Contact: Tanja Schultz and Alan W Black


TransTac
Spoken Language Communication and Translation System for Tactical Use

In this program we develop technologies that enable robust spontaneous two-way tactical speech communications between American warfighters and native speakers. In this context we are investigating issues surrounding the rapid deployment of new languages, especially, low-resource languages and colloquial dialects. Currently we are working on two-way translation between English and Arabic Iraqi. TransTac builds on our existing speech translation technology.

Contact: Tanja Schultz and Alan W Black


SUBLIME
Speech and Language Based Information Management Environment

Project SUBLIME develops and tests a speech- and language-based interfaces for information management. We seek to develop cognitively palatable methods for people to access, add to, and modify both personal and public information spaces. Whereas most existing speech interfaces provide wide functionality in a given narrow domain, a SUBLIME interface seeks to provide a relatively narrow functionality (information management) in unrestricted domains.

Contact: Roni Rosenfeld


SLT4D: Speech and Language Technologies for International Development

In underserved communities around the world, spoken language systems are potentially more natural, cheaper to deploy/maintain/upgrade, and place less requirements on the user (such as literacy) than traditional PC/GUI-based systems, while still offering valuable services such as information access and education. Our first project in this domain, in collaboration with Aga Khan University (Karachi, Pakistan), focuses on creating a speech user interface for accessing health information resources by community health care workers in Pakistan. We are investigating both audio-only & multi-modal interfaces, and aim to continously ground the research empirically through user studies with the target population. Through this research, we hope to better understand the levels of literacy (if any) that speech-based information access interfaces are compelling.

Contact: Roni Rosenfeld


Speech Graffiti
Universal Speech Interfaces - USI

Human-machine speech based communication, especially for mobile speech applications and internet speech portals, is fast becoming a reality. Communication with such machines and information-servers does not require the full strength of natural language, nor should it have to cope with its ambiguities. What then is the ideal form of human-machine speech communication? Will there develop a particular style for talking to machines? If so, can we help this process along by developing principles for it? In the Universal Speech Interface (USI) project, we develop and test such principles. In essence, we are trying to do for speech communication what Grafitti(tm) has done for mobile text entry (see also The USI Manifesto).

Contact: Roni Rosenfeld


Information Retrieval Projects

The Information Retrieval projects include a wide range of issues related to finding, organizing, analyzing, and communicating information.

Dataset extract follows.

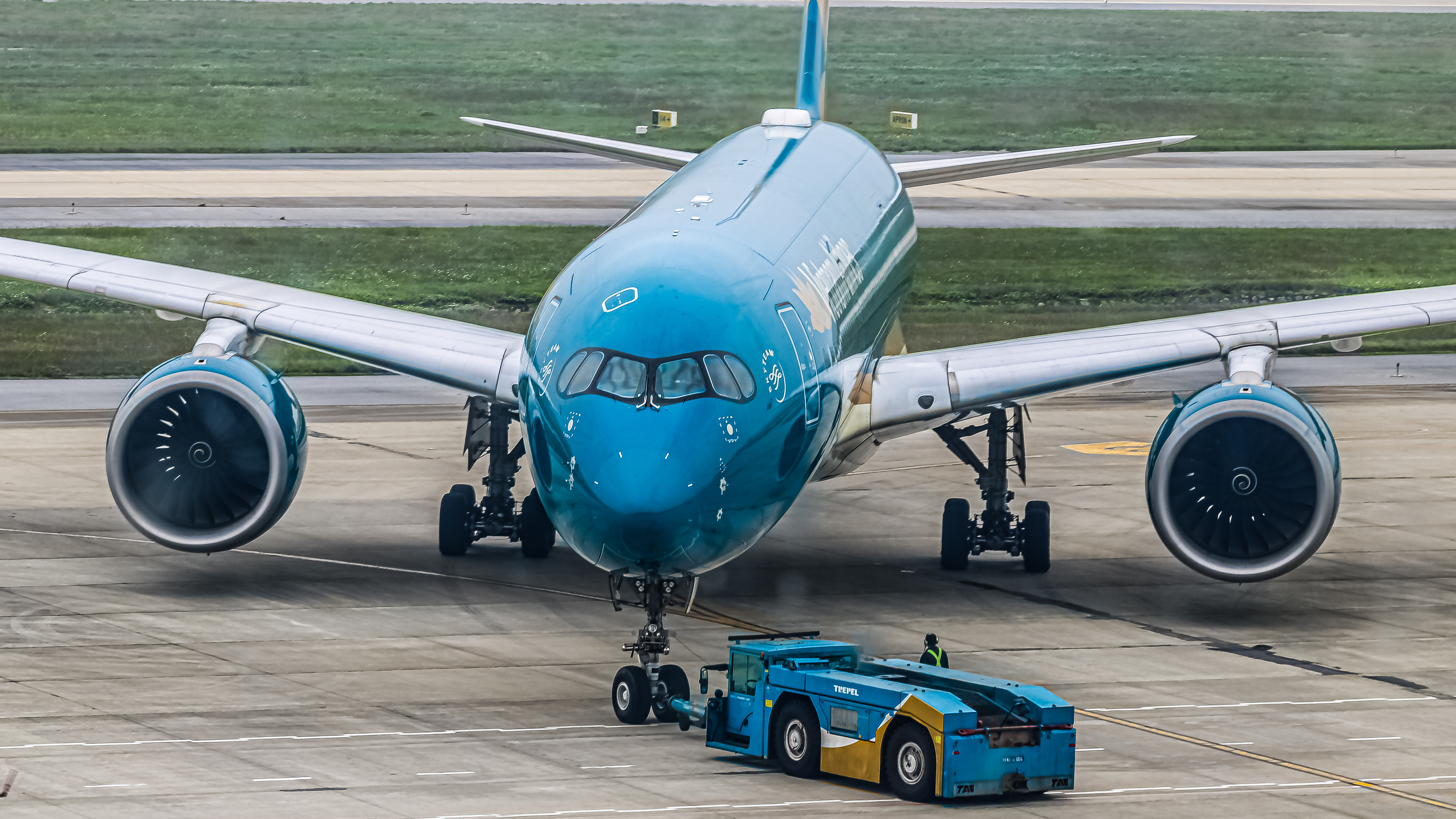 Ảnh 1: Tàu bay đang được đẩy lùi để chuẩn bị cho hành trình mới.

Adaptive Information Filtering

Automatically monitoring a stream of documents (e.g., news stories, news groups, etc) to find just those stories that are interesting to you. Learning from example what kinds of documents you find interesting.

Contact: Jamie Callan and Yiming Yang


Distributed Information Retrieval / Federated Search

Hundreds of thousands of specialized search engines are available on the Internet, but the contents of many are hidden from general purpose search engines such as Google. This "hidden" Web is estimated to be at least as large as the more traditional "visible" Web. Distributed Information Retrieval (now often called Federated Search) systems provide a single point of access for documents that are in different formats, in different languages, in different types of search engines, and controlled by other people. This research area also covers large, peer-to-peer networks of heterogeneous digital libraries.

Contact: Jamie Callan


Email Classification and Prioritization

Automatically assigning messages to user-defined folders (classes) based on content, importance, communication threads and users' organization strategies is a new challenge for machine learning. Statistical modeling of multi-type interconnected objects (users, messages, folders, keywords, etc.) is an important step towards the development of a truly useful email classification system.

Contact: Yiming Yang


eRulemaking
Text Mining Techniques for Large Public Comment Databases

Citizens and government administrators need a variety of navigation aids and text analysis tools to help them understand the contents of large public comment databases. These aids and tools include full-text search, automatic construction of browsing hierarchies, frequency analysis of discussion topics, and summarization of similar comments, as well as more complex analysis tools that identify stakeholder communities represented in a set of comments. The underlying technologies are primarily Information Retrieval, Text Datamining, and simple forms of Natural Language Processing.

Contact: Jamie Callan


Lemur Toolkit

Lemur is a collection of search engine algorithms and information retrieval applications used for IR research, development and education. Lemur provides a rich query language that supports search against simple texts, structured (XML) texts, and texts annotated with part-of-speech, named-entity, and other annotations used in NLP and text-mining applications. Lemur's search engines comfortably support collections ranging from a few gigabytes to a few terabytes of text. The software is distributed under open-source license, and is used widely in the IR research community.

Contact: Jamie Callan


Briefing Assistant

The BA project addresses the problem of creating customized summaries based on the preferences and information demands of humans report preparers. The BA is learning-based and models both the information selection and feature detection behavior of human summarizers. Current work centers on temporal summarization, creating narrative accounts of events that unfold over time.

Contact: Alex Rudnicky
JAVELIN
Open-Domain Question Answering

Typical IR systems return a set of documents, or perhaps a set of queries. LTI Question Answering software extracts information from documents in large, open-domain corpora to answer questions in subject areas that are not known in advance.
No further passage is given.